The Supreme Court decision allowed a St. Louis judge to declare a mistrial in the latest J&J talc case, where two of the three plaintiffs are from out of state.

The Court ruling could affect other prominent personal injury cases, including Bayer’s Essure birth control device in California and Missouri and GlaxoSmithkline’s antidepressant Paxil in California and Illinois.

Sotomayor Dissents

In her lone dissenting opinion, Justice Sotomayor made clear the burdens placed on plaintiffs by the Court.

Sotomayor wrote “… the consequences of the Court’s decision today will be substantial.

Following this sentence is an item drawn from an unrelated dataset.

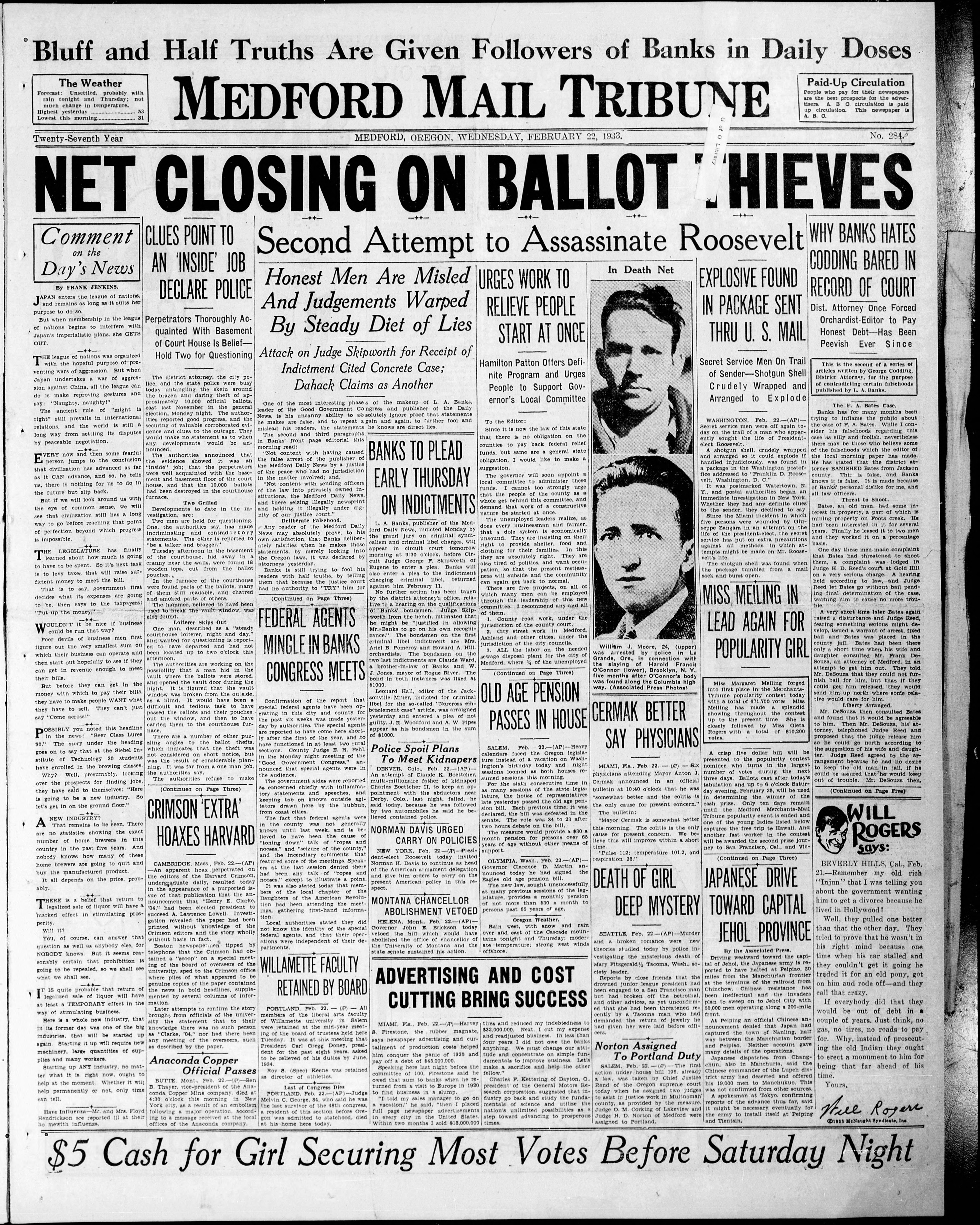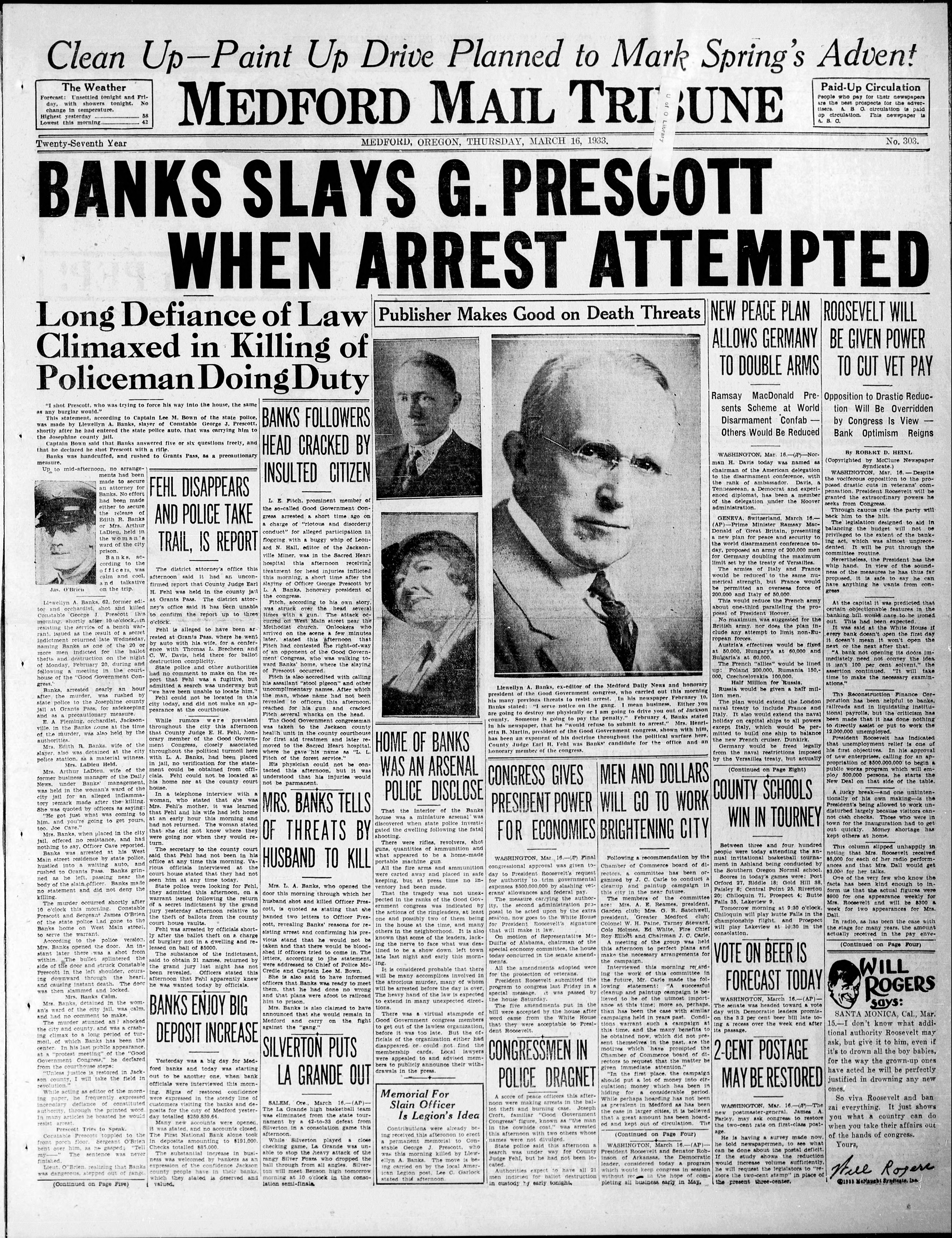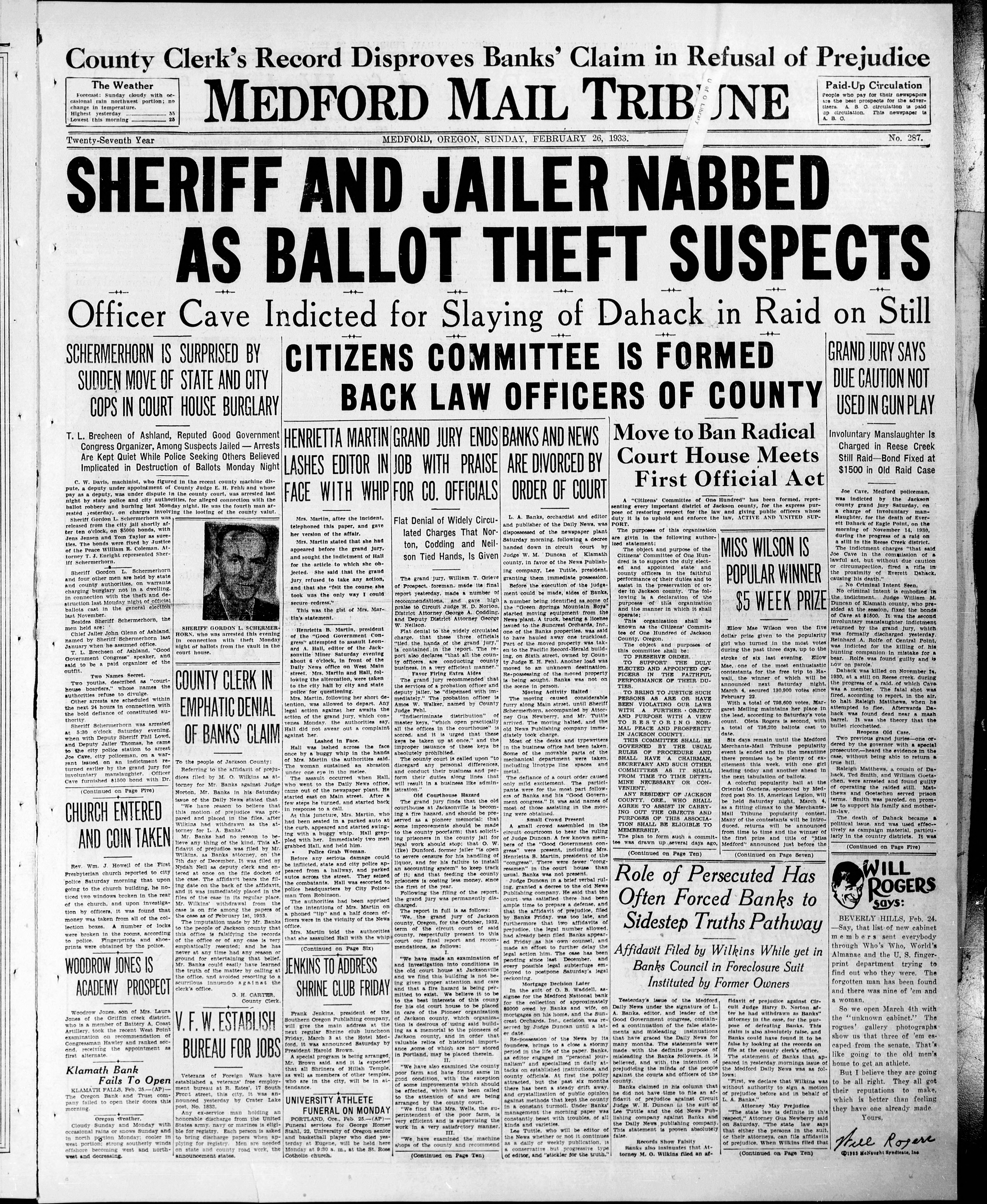 During the severe economic stress of the early 1930s, a homegrown, radical, "populist" political movement that called itself the Good Government Congress briefly took over the reins of Jackson County's government. The GGC, which proved strongest in rural areas and among Medford’s working-class residents, was founded, promoted, and led by Llewellyn A. Banks, a demagogic Medford newspaper publisher and orchardist, and Earl Fehl, a perennially unsuccessful political candidate. After months of agitation and the climactic electoral takeover of the county courthouse, the movement, which gained national notoriety (and a Pulitzer Prize to the Medford Mail Tribune for opposing it), ended spectacularly in ballot fraud, theft, street violence, and murder.

The majority’s rule will make it difficult to aggregate the claims of plaintiffs across the country whose claims may be worth little alone….. And it will result in piecemeal litigation and the bifurcation of claims.

“The effect of the Court’s opinion today is to eliminate nationwide mass actions in any State other than those in which a defendant is essentially at home.

“Such a rule hands one more tool to corporate defendants determined to prevent the aggregation of individual claims and forces injured plaintiffs to bear the burden of bringing suit in what will often be far flung jurisdictions.”

Similar to Tort Reform

An attorney, who asked to remain anonymous as he works for a private company, said, “If you’re going to place limits on multi-district litigation, it’s a kind of tort reform measure because by doing away with multiple districts, it’s not only inefficient but lessens the likelihood of people suing.”